- **Action item**
Give back every line of the data exactly. Pictures are not part of the copy.

- **Given data**
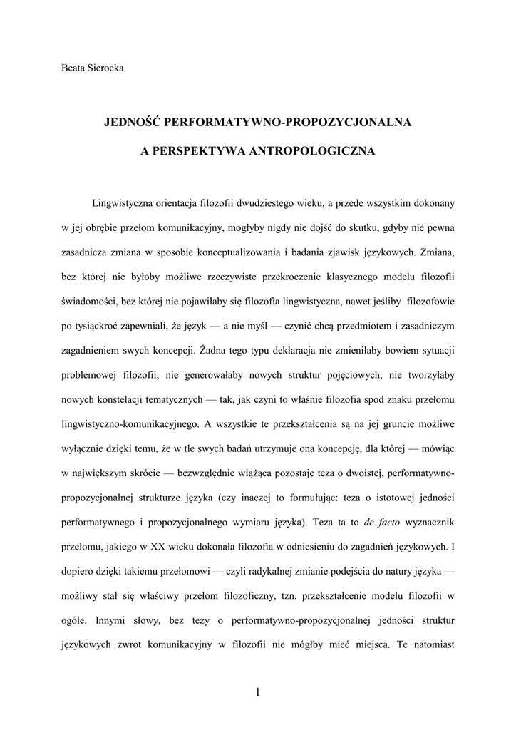 Beata Sierocka JEDNOŚĆ PERFORMATYWNO-PROPOZYCJONALNA A PERSPEKTYWA ANTROPOLOGICZNA Lingwistyczna orientacja filozofii dwudziestego wieku, a przede wszystkim dokonany w jej obrębie przełom komunikacyjny, mogłyby nigdy nie dojść do skutku, gdyby nie pewna zasadnicza zmiana w sposobie konceptualizowania i badania zjawisk językowych. Zmiana, bez której nie byłoby możliwe rzeczywiste przekroczenie klasycznego modelu filozofii świadomości, bez której nie pojawiłaby się filozofia lingwistyczna, nawet jeśliby filozofowie po tysiąckroć zapewniali, że język — a nie myśl — czynić chcą przedmiotem i zasadniczym zagadnieniem swych koncepcji. Żadna tego typu deklaracja nie zmieniłaby bowiem sytuacji problemowej filozofii, nie generowałaby nowych struktur pojęciowych, nie tworzyłaby nowych konstelacji tematycznych — tak, jak czyni to właśnie filozofia spod znaku przełomu lingwistyczno-komunikacyjnego. A wszystkie te przekształcenia są na jej gruncie możliwe wyłącznie dzięki temu, że w tle swych badań utrzymuje ona koncepcję, dla której — mówiąc w największym skrócie — bezwzględnie wiążąca pozostaje teza o dwoistej, performatywnopropozycjonalnej strukturze języka (czy inaczej to formułując: teza o istotowej jedności performatywnego i propozycjonalnego wymiaru języka). Teza ta to de facto wyznacznik przełomu, jakiego w XX wieku dokonała filozofia w odniesieniu do zagadnień językowych. I dopiero dzięki takiemu przełomowi — czyli radykalnej zmianie podejścia do natury języka — możliwy stał się właściwy przełom filozoficzny, tzn. przekształcenie modelu filozofii w ogóle. Innymi słowy, bez tezy o performatywno-propozycjonalnej jedności struktur językowych zwrot komunikacyjny w filozofii nie mógłby mieć miejsca. Te natomiast 1 przekształcenia, jakie — za Richardem Rortym — określane są jako zwrot lingwistyczny, mogłyby w takich warunkach zaowocować co najwyżej „okrojeniem” dziedziny badań, ale nie jej przekształceniem. Lub mówiąc w konwencji, jaką zaproponował John Searle, pozwoliłyby na rozwinięcie — być może nawet bardzo znaczące — filozofii języka (w ekstremalnych przypadkach do niej właśnie ograniczając całą pracę filozoficzną), natomiast nie dałyby żadnych podstaw do ufundowania filozofii lingwistycznej. A tylko w jej obrębie badania filozoficzne przyjmują taką postać, która implikuje kolejną przełomową fazę, tzn. właśnie zwrot komunikacyjny. Jego ranga — tak dla filozofii, jak i dla innych dyscyplin humanistycznych — nie ulega dziś żadnej wątpliwości. Poświadcza to wystarczająco długa już lista znamienitych teoretycznych prac. Jednak nie oznacza to, by filozofia miała jasność co do zasadniczych na jego temat ustaleń. W żadnym razie nie jest jeszcze oczywiste, jakie są tego przełomu faktyczne konsekwencje; brak zgodności co do tego, czym określa się jego specyfika, a nawet co do tego, skąd czerpie on swe teoretyczne źródła i podstawy. Co do pierwszej kwestii — wiadomo — rzecz pozostaje in statu nascendi. Rozstrzygnięcie drugiej z nich to sprawa zawisła w dużej mierze od rangi filozoficznych argumentów (a więc od spójności struktury teoretycznej, w obrębie której argumentację taką będzie się budowało)1. Najbardziej jednoznaczna i niekontrowersyjna wydaje się kwestia trzecia, a więc pytanie o teoretyczne zaplecze, które zwrot ten uczyniło możliwym. Odpowiedź na to pytanie — a z nią związana jest problematyka niniejszego artykułu — ma o tyle wagę szczególną, iż jest istotnie wiążąca dla obu wcześniejszych kwestii. Jest bowiem 1 Analizy transcendentalno-pragmatycznego podejścia do tych zagadnień prezentowałam w: Beata Sierocka, Krytyka i dyskurs. O transcendentalno-pragmatycznym uprawomocnieniu krytyki filozoficznej, Aureus, Kraków 2003. 2 oczywiste, że teoretyczne źródła i podstawy każdej sytuacji problemowej modelują jej zasadniczy kształt i wyznaczają zasięg możliwych filozoficznych konsekwencji. W odniesieniu do problematyki, o której tutaj mowa, odpowiedź na tego typu pytanie dałaby się streścić w dwu zwięzłych punktach. (1) Teoretyczną podstawę przełomu komunikacyjnego w filozofii stanowi koncepcja języka fundowana na idei jedności performatywno-propozycjonalnej. (2) Źródłem tej koncepcji — a więc i źródłem zasadniczej dla niej idei — jest podejście badawcze, którego specyfika pozwala na określenie go mianem „podejścia antropologicznego” bądź „perspektywy antropologicznej”2. Charakterystyczne jest przy tym, że o okolicznościach sugerowanych w obu tych punktach — a zwłaszcza o immanentnym związku, jaki zachodzi pomiędzy koncepcjami spod znaku przełomu lingwistyczno-komunikacyjnego a perspektywą antropologiczną — nie rozstrzygają w istocie literalnie formułowane w tych koncepcjach deklaracje, lecz rzeczywisty profil przedsiębranych przez nie badań filozoficznych (a niekiedy tylko pewne pojedyncze decyzje teoretyczne, nie zawsze zresztą zdradzające swe powinowactwo z podejściem antropologicznym). Toteż w uzupełnieniu dwóch wskazanych powyżej punktów należałoby jeszcze zasugerować, że (3) immanentną obecność perspektywy antropologicznej w dwudziestowiecznej filozofii lingwistycznej ujawniają dopiero zewnętrzne teoretyczne analizy i interpretacje poszczególnych jej projektów, a (4) najbardziej wartościowy i pouczający w z orzec takiej interpretacji — określający zarówno ogólny jej kierunek, jak też liczne jej niuanse — ukształtowany został 2 p o z a f i l o z o f i ą. Bowiem z istoty Uprzedzając późniejsze uwagi, należałoby już w tym miejscu podkreślić, że stosowanie tutaj terminu „perspektywa antropologiczna” nie ma odsyłać ani do antropologii filozoficznej, ani do antropologii fizycznej, lecz wyłącznie do antropologii społecznej (lub kulturowej), i to jedynie z uwagi na to, że właści
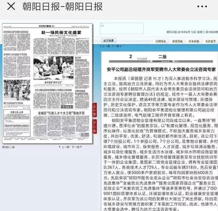 2018年6月12日,安平集團(tuán)副總經(jīng)理被朝陽市人大常委會選中,聘為地方立法咨詢專家,這不僅是對齊總個人工作的一種肯定,更是對安平公司在城鄉(xiāng)建設(shè)與管理方面做出突出貢獻(xiàn),工作模式專業(yè)化的一種認(rèn)可
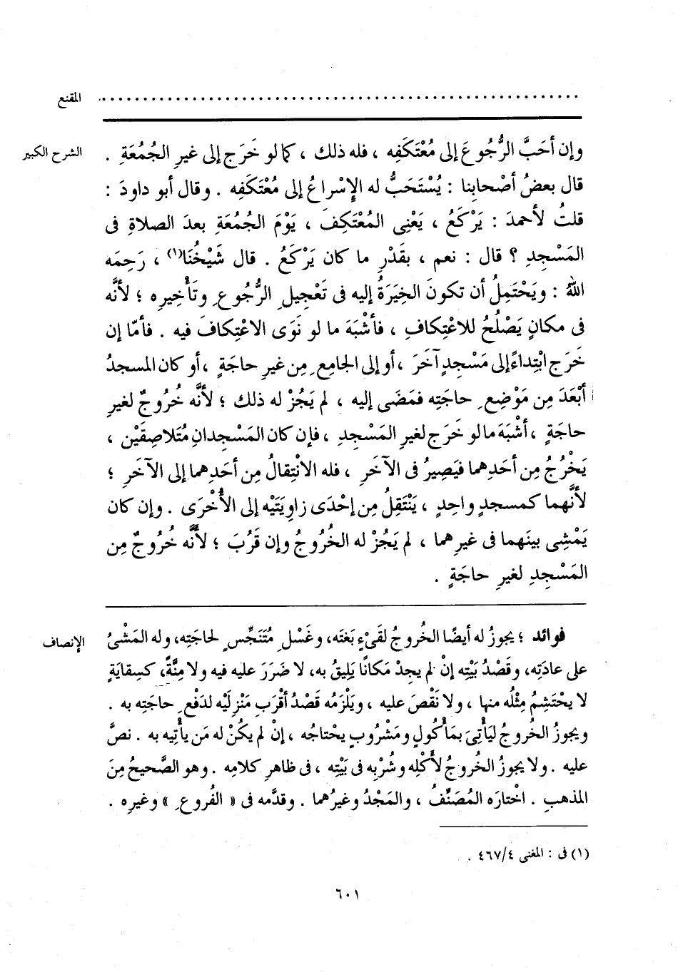 فوائد؛ يجوزُ له أيضًا الخُروجُ لقَىْءٍ بَغتَه، وغَسْلِ مُتَنَجِّسٍ لحاجَتِه، وله المَشْىُ على عادَتِه، وقَصْدُ بَيْتِه إِن لم يجِدْ مَكانًا يليقُ به، لا ضَرَرَ عليه فيه ولا مِنَّةً، كسِقايَةٍ لا يحْتَشِمُ مِثْلُه منها، ولا نَقْصَ عليه، ويَلْزَمُه قَصْدُ أقْرَبِ مَنْزِلَيْه لدَفْعِ حاجَتِه به. ويجوزُ الخُروجُ ليَأْتِىَ بمَأْكُولٍ ومَشْرُوبٍ يحْتاجُه، إنْ لم يكُنْ له مَن يأْتِيه به. نصَّ عليه. ولا يجوزُ الخُروجُ لأَكْلِه وشُرْبِه فى بَيْتِه، فى ظاهرِ كلامِه. وهو الصَّحيحُ مِنَ المذهبِ. اخْتارَه المُصَنِّفُ، والمَجْدُ وغيرُهما. وقدَّمه فى «الفُروعِ» وغيرِه.
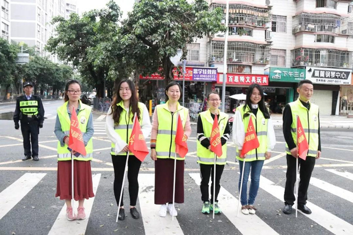 接著,一年級六名副班主任身穿家長義工服,手持指揮旗,分別在校門口六個崗位做好護航指揮?;顒油ㄟ^學(xué)生親身體驗,極大地增強了交通安全意識,提高了同學(xué)們過馬路的自護能力。

- **Exercise response**
 Beata Sierocka JEDNOŚĆ PERFORMATYWNO-PROPOZYCJONALNA A PERSPEKTYWA ANTROPOLOGICZNA Lingwistyczna orientacja filozofii dwudziestego wieku, a przede wszystkim dokonany w jej obrębie przełom komunikacyjny, mogłyby nigdy nie dojść do skutku, gdyby nie pewna zasadnicza zmiana w sposobie konceptualizowania i badania zjawisk językowych. Zmiana, bez której nie byłoby możliwe rzeczywiste przekroczenie klasycznego modelu filozofii świadomości, bez której nie pojawiłaby się filozofia lingwistyczna, nawet jeśliby filozofowie po tysiąckroć zapewniali, że język — a nie myśl — czynić chcą przedmiotem i zasadniczym zagadnieniem swych koncepcji. Żadna tego typu deklaracja nie zmieniłaby bowiem sytuacji problemowej filozofii, nie generowałaby nowych struktur pojęciowych, nie tworzyłaby nowych konstelacji tematycznych — tak, jak czyni to właśnie filozofia spod znaku przełomu lingwistyczno-komunikacyjnego. A wszystkie te przekształcenia są na jej gruncie możliwe wyłącznie dzięki temu, że w tle swych badań utrzymuje ona koncepcję, dla której — mówiąc w największym skrócie — bezwzględnie wiążąca pozostaje teza o dwoistej, performatywnopropozycjonalnej strukturze języka (czy inaczej to formułując: teza o istotowej jedności performatywnego i propozycjonalnego wymiaru języka). Teza ta to de facto wyznacznik przełomu, jakiego w XX wieku dokonała filozofia w odniesieniu do zagadnień językowych. I dopiero dzięki takiemu przełomowi — czyli radykalnej zmianie podejścia do natury języka — możliwy stał się właściwy przełom filozoficzny, tzn. przekształcenie modelu filozofii w ogóle. Innymi słowy, bez tezy o performatywno-propozycjonalnej jedności struktur językowych zwrot komunikacyjny w filozofii nie mógłby mieć miejsca. Te natomiast 1 przekształcenia, jakie — za Richardem Rortym — określane są jako zwrot lingwistyczny, mogłyby w takich warunkach zaowocować co najwyżej „okrojeniem” dziedziny badań, ale nie jej przekształceniem. Lub mówiąc w konwencji, jaką zaproponował John Searle, pozwoliłyby na rozwinięcie — być może nawet bardzo znaczące — filozofii języka (w ekstremalnych przypadkach do niej właśnie ograniczając całą pracę filozoficzną), natomiast nie dałyby żadnych podstaw do ufundowania filozofii lingwistycznej. A tylko w jej obrębie badania filozoficzne przyjmują taką postać, która implikuje kolejną przełomową fazę, tzn. właśnie zwrot komunikacyjny. Jego ranga — tak dla filozofii, jak i dla innych dyscyplin humanistycznych — nie ulega dziś żadnej wątpliwości. Poświadcza to wystarczająco długa już lista znamienitych teoretycznych prac. Jednak nie oznacza to, by filozofia miała jasność co do zasadniczych na jego temat ustaleń. W żadnym razie nie jest jeszcze oczywiste, jakie są tego przełomu faktyczne konsekwencje; brak zgodności co do tego, czym określa się jego specyfika, a nawet co do tego, skąd czerpie on swe teoretyczne źródła i podstawy. Co do pierwszej kwestii — wiadomo — rzecz pozostaje in statu nascendi. Rozstrzygnięcie drugiej z nich to sprawa zawisła w dużej mierze od rangi filozoficznych argumentów (a więc od spójności struktury teoretycznej, w obrębie której argumentację taką będzie się budowało)1. Najbardziej jednoznaczna i niekontrowersyjna wydaje się kwestia trzecia, a więc pytanie o teoretyczne zaplecze, które zwrot ten uczyniło możliwym. Odpowiedź na to pytanie — a z nią związana jest problematyka niniejszego artykułu — ma o tyle wagę szczególną, iż jest istotnie wiążąca dla obu wcześniejszych kwestii. Jest bowiem 1 Analizy transcendentalno-pragmatycznego podejścia do tych zagadnień prezentowałam w: Beata Sierocka, Krytyka i dyskurs. O transcendentalno-pragmatycznym uprawomocnieniu krytyki filozoficznej, Aureus, Kraków 2003. 2 oczywiste, że teoretyczne źródła i podstawy każdej sytuacji problemowej modelują jej zasadniczy kształt i wyznaczają zasięg możliwych filozoficznych konsekwencji. W odniesieniu do problematyki, o której tutaj mowa, odpowiedź na tego typu pytanie dałaby się streścić w dwu zwięzłych punktach. (1) Teoretyczną podstawę przełomu komunikacyjnego w filozofii stanowi koncepcja języka fundowana na idei jedności performatywno-propozycjonalnej. (2) Źródłem tej koncepcji — a więc i źródłem zasadniczej dla niej idei — jest podejście badawcze, którego specyfika pozwala na określenie go mianem „podejścia antropologicznego” bądź „perspektywy antropologicznej”2. Charakterystyczne jest przy tym, że o okolicznościach sugerowanych w obu tych punktach — a zwłaszcza o immanentnym związku, jaki zachodzi pomiędzy koncepcjami spod znaku przełomu lingwistyczno-komunikacyjnego a perspektywą antropologiczną — nie rozstrzygają w istocie literalnie formułowane w tych koncepcjach deklaracje, lecz rzeczywisty profil przedsiębranych przez nie badań filozoficznych (a niekiedy tylko pewne pojedyncze decyzje teoretyczne, nie zawsze zresztą zdradzające swe powinowactwo z podejściem antropologicznym). Toteż w uzupełnieniu dwóch wskazanych powyżej punktów należałoby jeszcze zasugerować, że (3) immanentną obecność perspektywy antropologicznej w dwudziestowiecznej filozofii lingwistycznej ujawniają dopiero zewnętrzne teoretyczne analizy i interpretacje poszczególnych jej projektów, a (4) najbardziej wartościowy i pouczający w z orzec takiej interpretacji — określający zarówno ogólny jej kierunek, jak też liczne jej niuanse — ukształtowany został 2 p o z a f i l o z o f i ą. Bowiem z istoty Uprzedzając późniejsze uwagi, należałoby już w tym miejscu podkreślić, że stosowanie tutaj terminu „perspektywa antropologiczna” nie ma odsyłać ani do antropologii filozoficznej, ani do antropologii fizycznej, lecz wyłącznie do antropologii społecznej (lub kulturowej), i to jedynie z uwagi na to, że właści
 2018年6月12日,安平集團(tuán)副總經(jīng)理被朝陽市人大常委會選中,聘為地方立法咨詢專家,這不僅是對齊總個人工作的一種肯定,更是對安平公司在城鄉(xiāng)建設(shè)與管理方面做出突出貢獻(xiàn),工作模式專業(yè)化的一種認(rèn)可
 فوائد؛ يجوزُ له أيضًا الخُروجُ لقَىْءٍ بَغتَه، وغَسْلِ مُتَنَجِّسٍ لحاجَتِه، وله المَشْىُ على عادَتِه، وقَصْدُ بَيْتِه إِن لم يجِدْ مَكانًا يليقُ به، لا ضَرَرَ عليه فيه ولا مِنَّةً، كسِقايَةٍ لا يحْتَشِمُ مِثْلُه منها، ولا نَقْصَ عليه، ويَلْزَمُه قَصْدُ أقْرَبِ مَنْزِلَيْه لدَفْعِ حاجَتِه به. ويجوزُ الخُروجُ ليَأْتِىَ بمَأْكُولٍ ومَشْرُوبٍ يحْتاجُه، إنْ لم يكُنْ له مَن يأْتِيه به. نصَّ عليه. ولا يجوزُ الخُروجُ لأَكْلِه وشُرْبِه فى بَيْتِه، فى ظاهرِ كلامِه. وهو الصَّحيحُ مِنَ المذهبِ. اخْتارَه المُصَنِّفُ، والمَجْدُ وغيرُهما. وقدَّمه فى «الفُروعِ» وغيرِه.
 接著,一年級六名副班主任身穿家長義工服,手持指揮旗,分別在校門口六個崗位做好護航指揮?;顒油ㄟ^學(xué)生親身體驗,極大地增強了交通安全意識,提高了同學(xué)們過馬路的自護能力。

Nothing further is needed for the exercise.